## TASK TO COMPLETE
The reply must contain exactly the lines below from the one with "Pay Per Matching" down to the one with "男 20 求职住法拉盛 可夜班 917-660-5725", both included, and nothing more; please omit the pictures.

## INFORMATION SUPPLIED

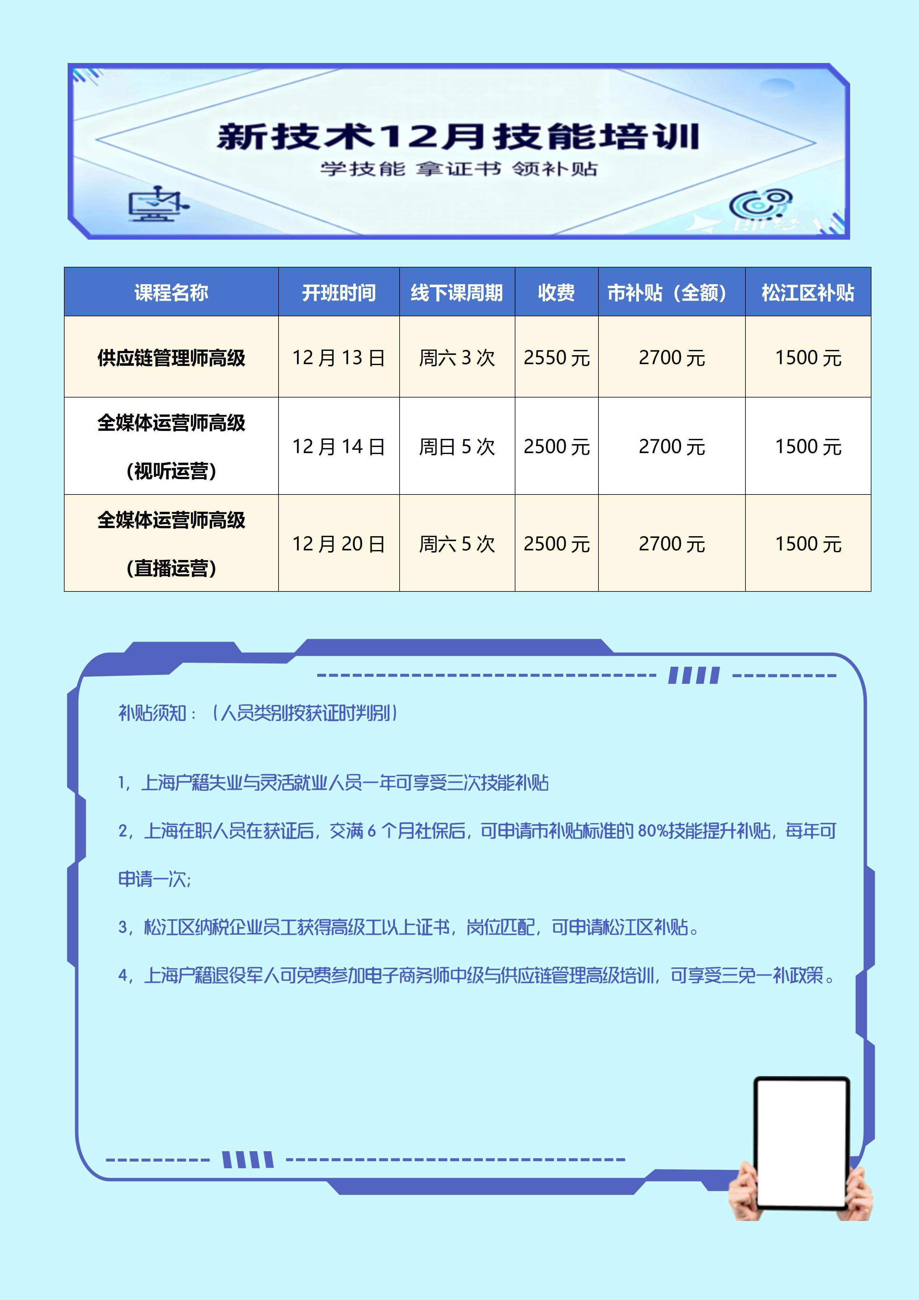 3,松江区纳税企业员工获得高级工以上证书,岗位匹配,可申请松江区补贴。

--

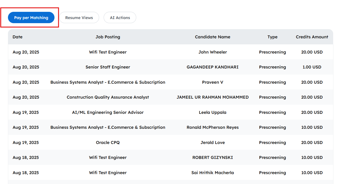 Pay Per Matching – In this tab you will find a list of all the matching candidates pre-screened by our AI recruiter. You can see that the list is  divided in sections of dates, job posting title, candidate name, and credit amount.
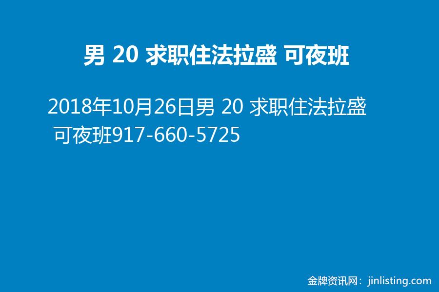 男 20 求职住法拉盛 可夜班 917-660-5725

## ANSWER TO THE EXERCISE
 Pay Per Matching – In this tab you will find a list of all the matching candidates pre-screened by our AI recruiter. You can see that the list is  divided in sections of dates, job posting title, candidate name, and credit amount.
 男 20 求职住法拉盛 可夜班 917-660-5725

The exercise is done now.